All lines from the one containing "A close-up view" through the last line of the listing below are to be copied exactly. Exclude the pictures.

* _Raw data_
──────────

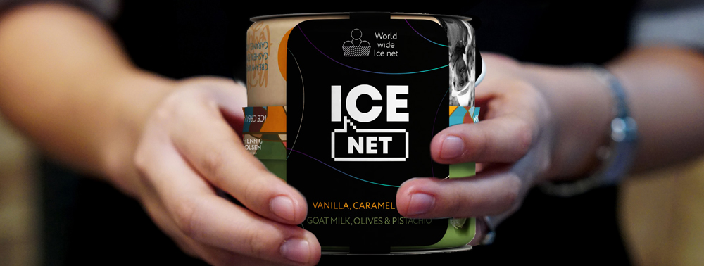 Первый бренд мороженого ICE NET - это история про динамичный дизайн, где постоянно обновляются сообщения о поиске друзей. И, покупая упаковку, покупатель выбирает еще и пост о ком-то, кто тоже в поиске. Собеседник может быть рядом, а может быть на другом континенте. Форма - бумажная упаковка и деревянная ложечка внутри. Два бумажных стаканчика с разным мороженым закрыты единой крышкой с двойной внутренней стороной. Это намек на совместное употребление продукта.
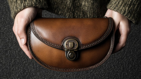 A close-up view of an elegant brown leather handbag held by a person, showcasing its craftsmanship and texture in a warm natural light setting.
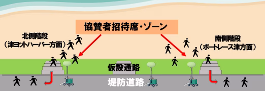 会場案内 阿漕浦・御殿場海岸のどこからでも花火が閲覧可能! 堤防改修工事が完了し、全長約3Kmの海岸すべてで観覧可能に! 当日は、堤防道路を歩行者天国にして来場者に解放します! 協賛いただいた企業・個人全ての方を「協賛者招待席・招待ゾーン」にご招待! 会場の通行について 会場内では歩行者の安全確保のため、次のとおり通行へのご協力をお願いします。 ■ ヨットハーバー駐車場 屋台が多く出店しており大変混雑します。会場内は左回りで移動していただきますようご協力をお願いします。 ■ 協賛者招待席・ゾーン(お帰りの際) 花火大会終了後は、混雑回避のため、係員の誘導に従い堤防前の仮設通路を移動し、ヨットハーバー方面は北側階段をボートレース津方面は南側階段をご利用ください。 ■ 堤防道路 夜間で足元が見えにくくなっています。係員の誘導に従い右側通行で移動していただきますようよろしくお願いします。小さいお子さんをお連れの方は、手をつないで移動するなど、安全面への配慮をお願いします。 注意事項 各自のごみは必ず持ち帰ってください。携帯電話はつながりにくくなりますのでお気を付けください。打上場所及び観覧場所での小型無人航空機(ドローン等)の飛行は禁止です。危険物等の持ち込みは固くお断りします。 よくあるご質問 (1)海の家は営業しているのか?営業されます。(2)屋台は出るのか?また、営業時間は?出店します。主に津ヨットハーバーの駐車場に約110店舗の屋台が並び、花火大会の雰囲気を盛り上げていただく予定です。また、屋台の営業時間は16時ごろから順次営業を開始し、午後9時15分までです。(3)トイレの場所は?常設のトイレとしては、御殿場林跡公衆便所、御殿場緑地内公衆便所、南御殿場公衆便所、御殿場海岸南公衆便所があります。仮設トイレは、津ヨットハーバー入口堤防上に12基、マックスバリュ港町店前に2基、ヨットハーバーと打ち上げ正面の間に5基、協賛者招待席・ゾーン付近に11基、の計30基をご用意しています。

──────────

* _Solution to this task_
 A close-up view of an elegant brown leather handbag held by a person, showcasing its craftsmanship and texture in a warm natural light setting.
 会場案内 阿漕浦・御殿場海岸のどこからでも花火が閲覧可能! 堤防改修工事が完了し、全長約3Kmの海岸すべてで観覧可能に! 当日は、堤防道路を歩行者天国にして来場者に解放します! 協賛いただいた企業・個人全ての方を「協賛者招待席・招待ゾーン」にご招待! 会場の通行について 会場内では歩行者の安全確保のため、次のとおり通行へのご協力をお願いします。 ■ ヨットハーバー駐車場 屋台が多く出店しており大変混雑します。会場内は左回りで移動していただきますようご協力をお願いします。 ■ 協賛者招待席・ゾーン(お帰りの際) 花火大会終了後は、混雑回避のため、係員の誘導に従い堤防前の仮設通路を移動し、ヨットハーバー方面は北側階段をボートレース津方面は南側階段をご利用ください。 ■ 堤防道路 夜間で足元が見えにくくなっています。係員の誘導に従い右側通行で移動していただきますようよろしくお願いします。小さいお子さんをお連れの方は、手をつないで移動するなど、安全面への配慮をお願いします。 注意事項 各自のごみは必ず持ち帰ってください。携帯電話はつながりにくくなりますのでお気を付けください。打上場所及び観覧場所での小型無人航空機(ドローン等)の飛行は禁止です。危険物等の持ち込みは固くお断りします。 よくあるご質問 (1)海の家は営業しているのか?営業されます。(2)屋台は出るのか?また、営業時間は?出店します。主に津ヨットハーバーの駐車場に約110店舗の屋台が並び、花火大会の雰囲気を盛り上げていただく予定です。また、屋台の営業時間は16時ごろから順次営業を開始し、午後9時15分までです。(3)トイレの場所は?常設のトイレとしては、御殿場林跡公衆便所、御殿場緑地内公衆便所、南御殿場公衆便所、御殿場海岸南公衆便所があります。仮設トイレは、津ヨットハーバー入口堤防上に12基、マックスバリュ港町店前に2基、ヨットハーバーと打ち上げ正面の間に5基、協賛者招待席・ゾーン付近に11基、の計30基をご用意しています。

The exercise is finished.